NEW RESIDENTIAL CONSTRUCTION
Monday, Nov. 19, 8:30 a.m. EST -- Housing starts in October are forecast to decline to an annual rate of 1.52 million, after a better-than-expected pace of 1.57 million in September. That's based on the median forecast of economists surveyed by Standard & Poor's MMS, a division of The McGraw-Hill Companies. So far, housing has shown few signs of weakening.
Tuesday, Nov. 20, 8:30 a.m. EST -- The trade deficit probably narrowed to $25.3 billion in September, from $27.1 billion in August. The September 11 attacks likely caused a record drop in imports, due to border and port interruptions and large claims payments by foreign reinsurers.
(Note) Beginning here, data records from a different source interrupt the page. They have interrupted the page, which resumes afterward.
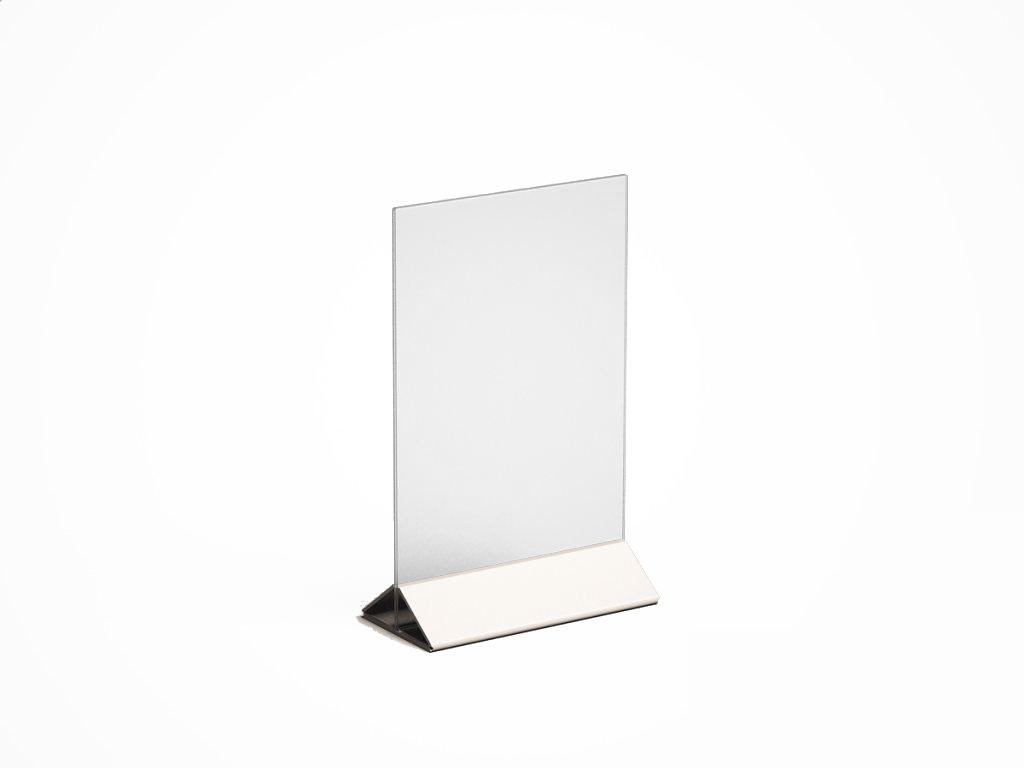 МЕНЮХОЛДЕР ФОРМАТА А-5, С НИЖНЕЙ ЧАСТЬЮ РАЗЛИЧНЫХ ЦВЕТОВ, КЛАСИЧЕСКОГО ВИДА.  СОСТОИТ ИЗ ДВУХ ЧАСТЕЙ,  ПРОЗРАЧНОГО Т-ОБРАЗНОГО ПЛАНШЕТА И НИЖНЕГО ДЕРЖАТЕЛЯ, ТРЕУГОЛЬНОЙ ФОРМЫ. ПОДХОДЯЩИЕ ИЗДЕЛИЕ, ПРИ НЕОБХОДИМОСТИ ПО ОСОБЕННОМУ ВЫДЕЛИТЬ ИНФОРМАЦИЮ.
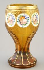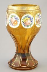 Bohemian Enameled Amber Glass Goblet , 6 1/4"h.
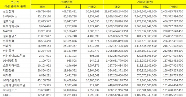 이 밖에 10위에서 20위 기관 순매수 종목으로는 LG생활건강(약 1876억원, 14만주 순매수), 오렌지라이프(약 1694억원, 590만주 순매수), 대한항공(약 1690억원, 636만주 순매수), 이마트(약 1671억원, 134만주 순매수), LG디스플레이(약 1557억원, 1070만주 순매수), 신세계인터내셔날(약 1514억원, 71만주 순매수), LG유플러스(약 1316억원, 955만주 순매수), KT&G(약 1293억원, 129만주 순매수), 삼성화재(약 1251억원, 53만주 순매수), LG(약 1189억원, 163만주 순매수) 종목이 기록했다.
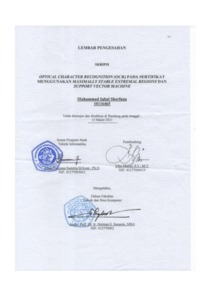| Uncontrolled Keywords: | Optical Character Recognition, Sertifikat, Maximally Stable Extremal Regions, Support Vector Machine, preprocessing. |
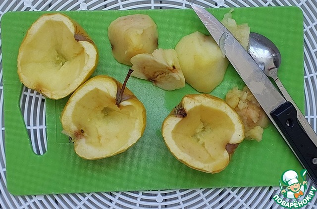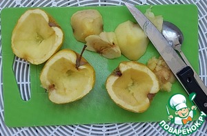 У слегка остывших яблок ножом или ложкой вынуть середину. Срезать мякоть вокруг семенной коробочки
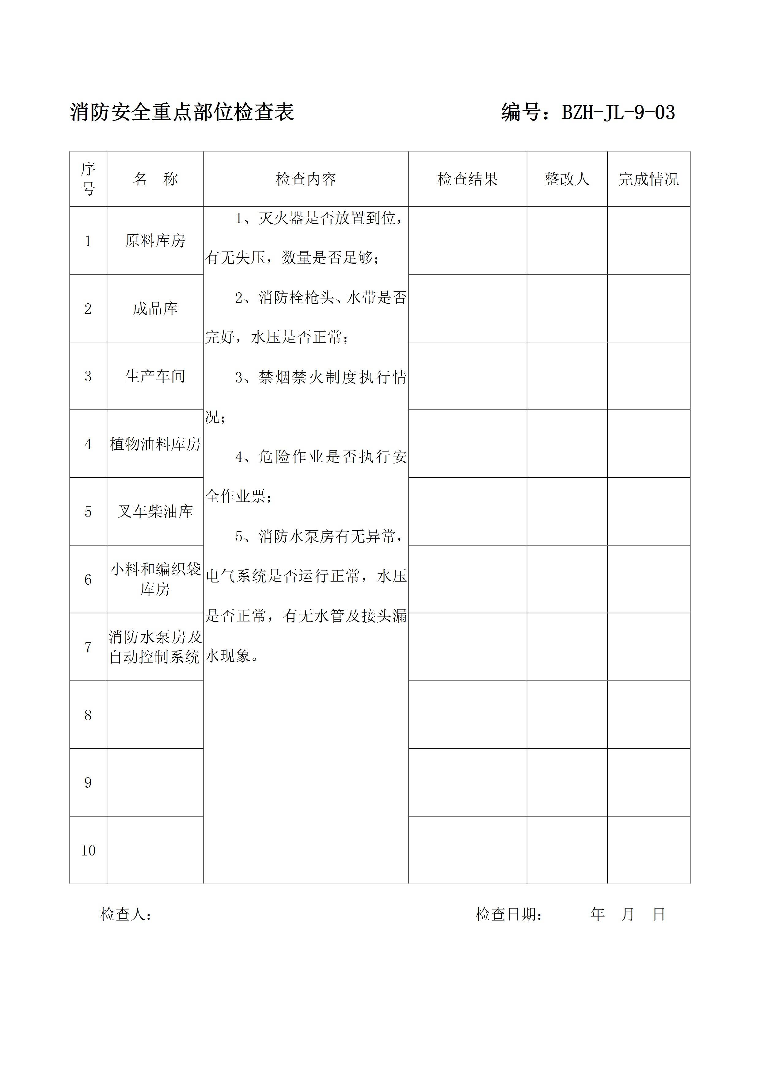 / 消防安全重点部位检查表[文档版]
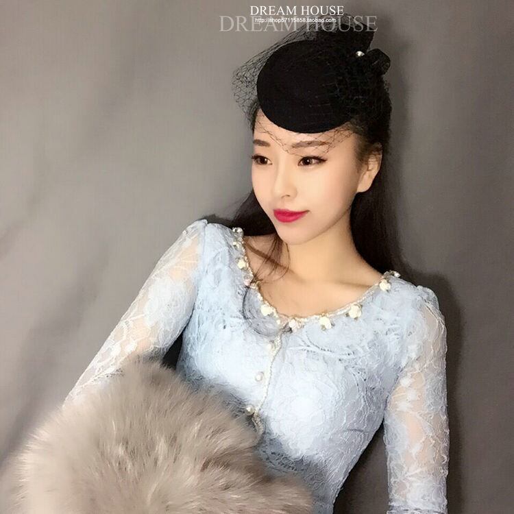 色:ベージュの小さなキャップと弓のベール,弓のベールが付いている黒い帽子,白い帽子+白い大きな弓のベール,ベージュのヘアピン,黒いヘアピン

Tuesday, Nov. 20, 10 a.m. EST -- The Conference Board's October composite index of leading economic indicators probably slipped 0.2%. In September, the index declined 0.5%, the largest drop since 1996.
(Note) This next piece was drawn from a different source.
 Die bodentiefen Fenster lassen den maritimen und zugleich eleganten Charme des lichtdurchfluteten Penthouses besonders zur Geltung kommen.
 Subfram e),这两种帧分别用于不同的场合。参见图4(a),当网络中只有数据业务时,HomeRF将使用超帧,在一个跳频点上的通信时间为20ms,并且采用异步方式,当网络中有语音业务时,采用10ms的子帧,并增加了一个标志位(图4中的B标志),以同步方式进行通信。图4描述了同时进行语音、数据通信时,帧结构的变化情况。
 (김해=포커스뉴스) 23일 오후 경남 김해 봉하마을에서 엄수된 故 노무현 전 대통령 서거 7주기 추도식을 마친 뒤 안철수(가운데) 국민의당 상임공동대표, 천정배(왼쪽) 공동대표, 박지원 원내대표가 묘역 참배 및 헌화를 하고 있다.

Wednesday, Nov. 21, 2:00 p.m. EST -- The U.S. Treasury will likely report an October deficit of $14 billion, compared with a deficit of $11.3 billion in October, 2000, and a surplus of $35.4 billion in September. For fiscal year 2001, which ended Sept. 30, the U.S. Treasury ended with a surplus of $127.2 billion. Excluding Social Security, however, it ran a deficit of $33.5 billion. Fiscal 2002 will likely parallel 2001, due to more tax cuts and large amounts of economic stimulus spending.